The disciples’ opponents didn’t mind the good works, the acts of healing, the care for the poor. What bothered them was that the disciples were doing these things “in the name of Jesus.” As we read in Acts 4:18, the authorities permitted the disciples to carry out their ministry but “charged them not to speak or teach at all in the name of Jesus.” Peter’s response was that “we cannot but speak of what we have seen and heard” (4:20). When it became apparent that the disciples were more than willing to defy the authorities, they were arrested again. The council reminded them, “We strictly charged you not to teach in this name” (5:28). What did Peter say? “We must obey God rather than men” (5:29).

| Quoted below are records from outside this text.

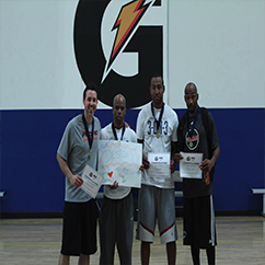 After Nicole spoke, the ten teams took to the courts to compete in four games each. Many of the participating teams represented community churches or businesses, including radio station103.9 The Fish, who provided promotion and coverage of the event. Joe Flores & Associates sponsored Team Flores and provided bottled water for the tournament participants. In the end, Team Destiny, representing Destiny Christian Church, was named the tournament champions, and Team Has Beens took second place.
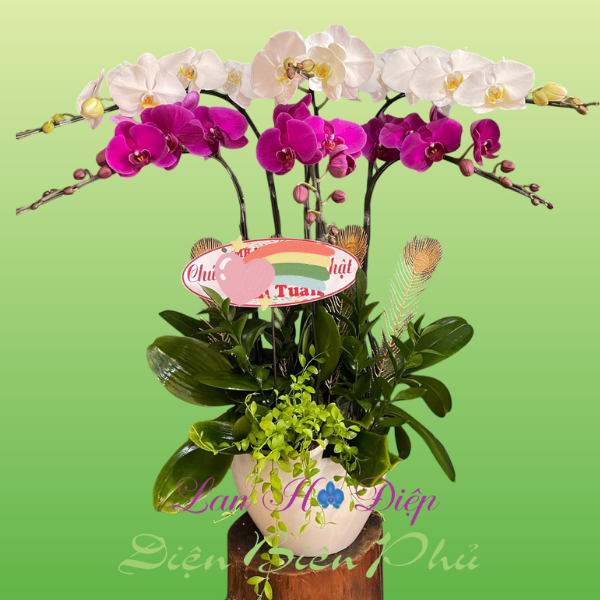 - Chậu Lan Hồ Điệp 6 Cành Tím Trắng được trang trí một cánh nhẹ nhàng mà thật đẹp mắt. Chậu lan được trang trí với chậu hạt dưa xanh tươi cắm rũ làm chậu hoa thêm điểm nhấn, kết hợp cùng những cành đuôi công và lá chanh cắm đan xen trông chậu thêm đầy đặn và sinh động hơn.
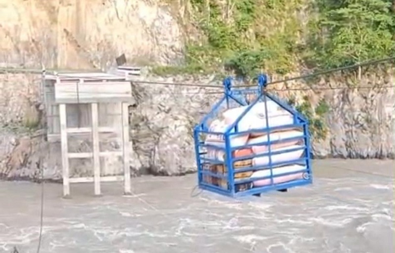 बाढीले फोक्सिङटारको मोटरेबल पुल बगाएपछि सामान ढुवानी गर्न घिर्नी
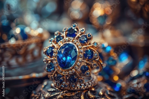 A blue and gold ring with a blue stone in the center
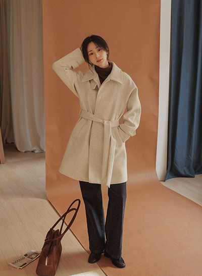 몸판에 2온스 누빔 안감을 더하여 더 따뜻한 코트! 카치온 소재가 혼방된 원단으로 보카시처럼 투톤 느낌이 나 고급스러우며, 허리 벨트가 세트로 구성되어 잘록한 라인감까지 연출할 수 있어요~ -
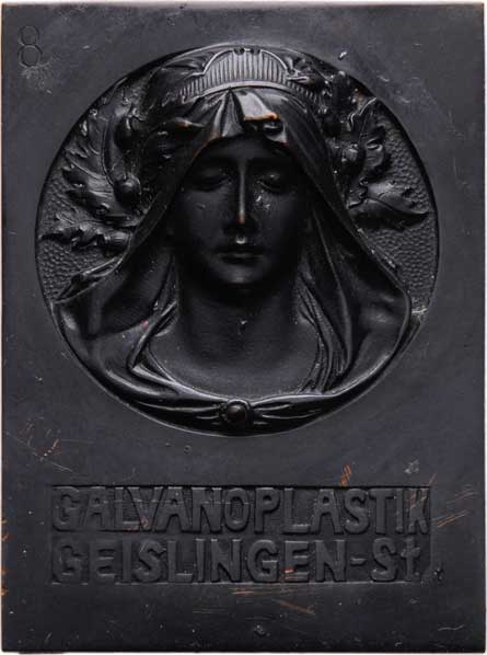 Reklamní plaketa Galvanoplastik Geislingen St. b.l., Nesign., patin. dutá měď 48x67 mm, číslov. "8", rysky
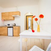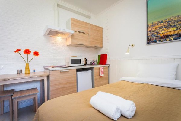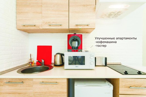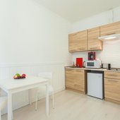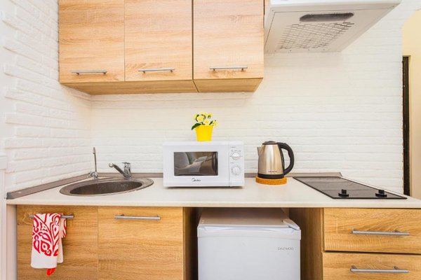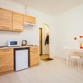 В апартаментах есть мини-кухня с микроволновой печью и холодильником. По желанию гости могут заказать завтрак.
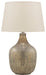 Evoke a vintage vibe in a thoroughly modern way with this glass table lamp. The gray-blue and light goldtone of its mercury-glass finish reflects a primitive aesthetic, juxtaposed with a contemporary jar shape. Add texture, interest and a certain je ne sais quois to your space for a look that’s all your own.
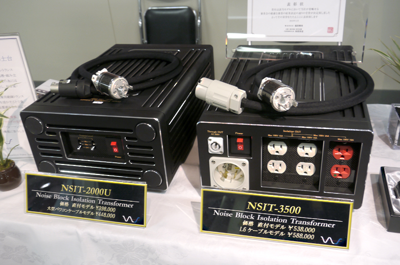 同社アイソレーショントランスの最高峰モデルの「NSIT-3500」(左)と、2000VA仕様の「NSIT-2000U」(右)
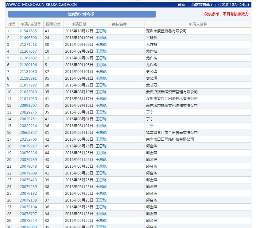眾所周知,明星的影響力是巨大的,尤其是他們自身的品牌效應(yīng),一舉一動都能為代言品牌帶來大量的關(guān)注。看到了自己的價值,越來越多的明星有了自己的品牌,甚至將自己的名字注冊為商標(biāo),將名字的商業(yè)價值發(fā)揮到了極致。前段時間注冊了王思聰?shù)拿趾蜕虡?biāo),也被搜到了。網(wǎng)友大呼土豪王思聰分分鐘買下商標(biāo)。

This was precisely the point of conflict that cost the disciples their freedom and eventually their lives. Even when prohibited from speaking the name of Jesus on penalty of imprisonment, torture, and death, they insisted that this was fundamental to their basic witness.
Yet in the land that the Pope himself described as the home of the free and the brave, to enthusiastic applause, he cannot find it in himself to even mention Jesus’ name.

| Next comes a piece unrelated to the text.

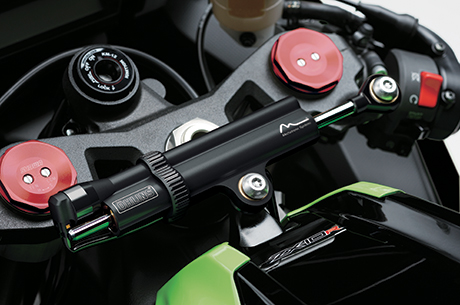 A completamento delle sue prestazioni già al top, la ZX-10R Ninja 2013 sarà equipaggiata di un ammortizzatore elettronico di sterzo – offrendo ancora una volta una tecnologia davanguardia per aiutare i motoclisti ad esplorare il limite estremo di una vera superbike.
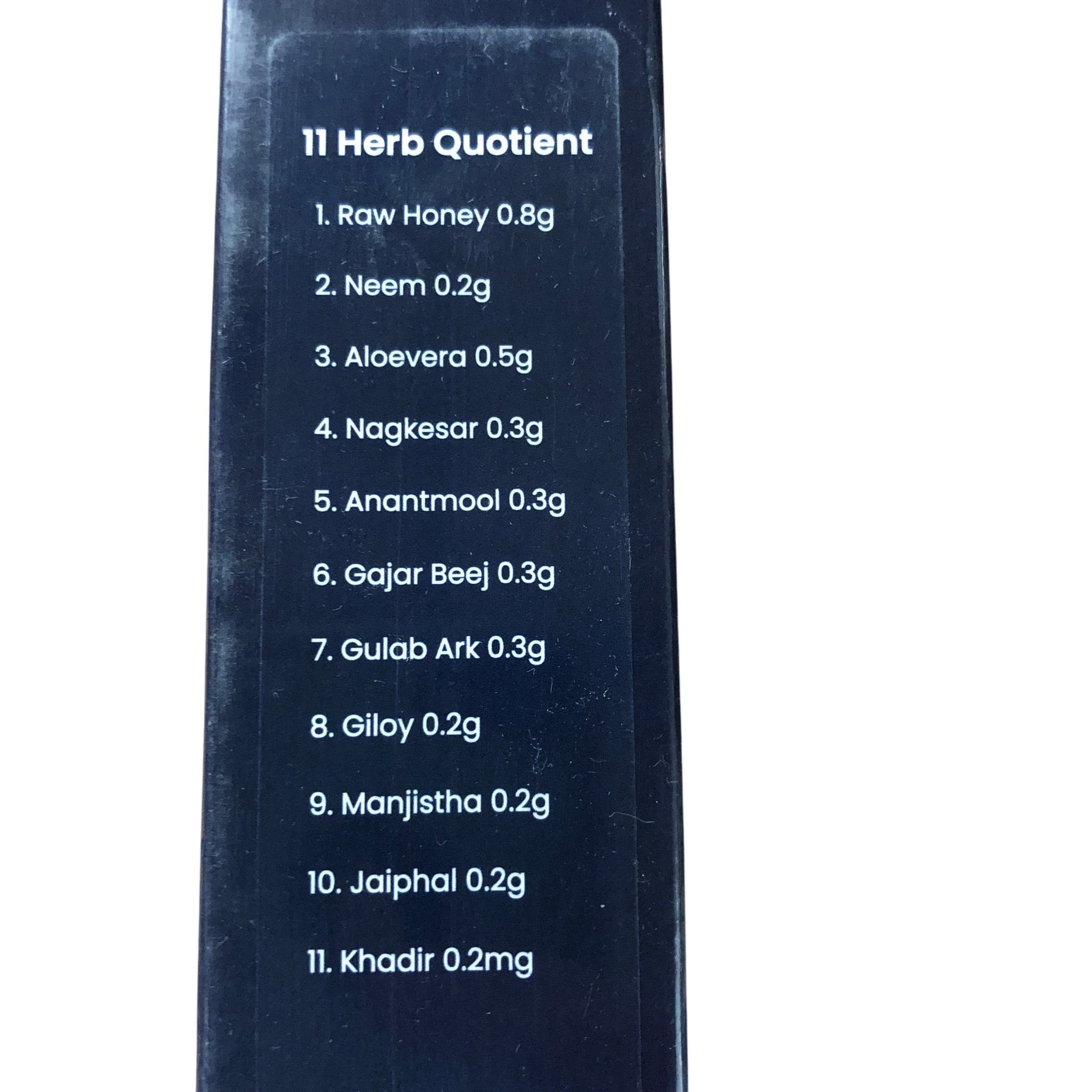 - Ingredients: Raw Honey, Neem, Aloevera, Nagkesar, Anantmool, Gajar Beej, Gulab Ark, Giloy, Manjistha, Jaiphal, Khadir

This was the first time a pope has ever addressed a joint session of Congress, and Francis is a very popular pope. He has the ear of the country.
He didn’t have to beat the heads of Congress with a jeremiad. He didn’t have to get theological or even evangelistic. He didn’t have to highlight any particular moral or political issue. He was more than justified in being, as Jesus put it, as crafty as a serpent and as innocent as a dove (Matthew 10:16).
But he could have, at the very least, reminded his audience that he speaks for Jesus of Nazareth, the Son of God, who came to dwell among us, died, and rose again, that human beings might have life in his name. He could have winsomely described that hope in just a few sentences, as we know he has done so eloquently before, before moving on to other matters appropriate for a joint session of Congress. No one would have questioned it. He is, after all, the pope, whose most basic claim is to be the vicar of Christ on earth.
Now the whole country is talking about the pope and the pope’s politics, but no one is talking about Jesus or the gospel. What a sad day. What a wasted opportunity.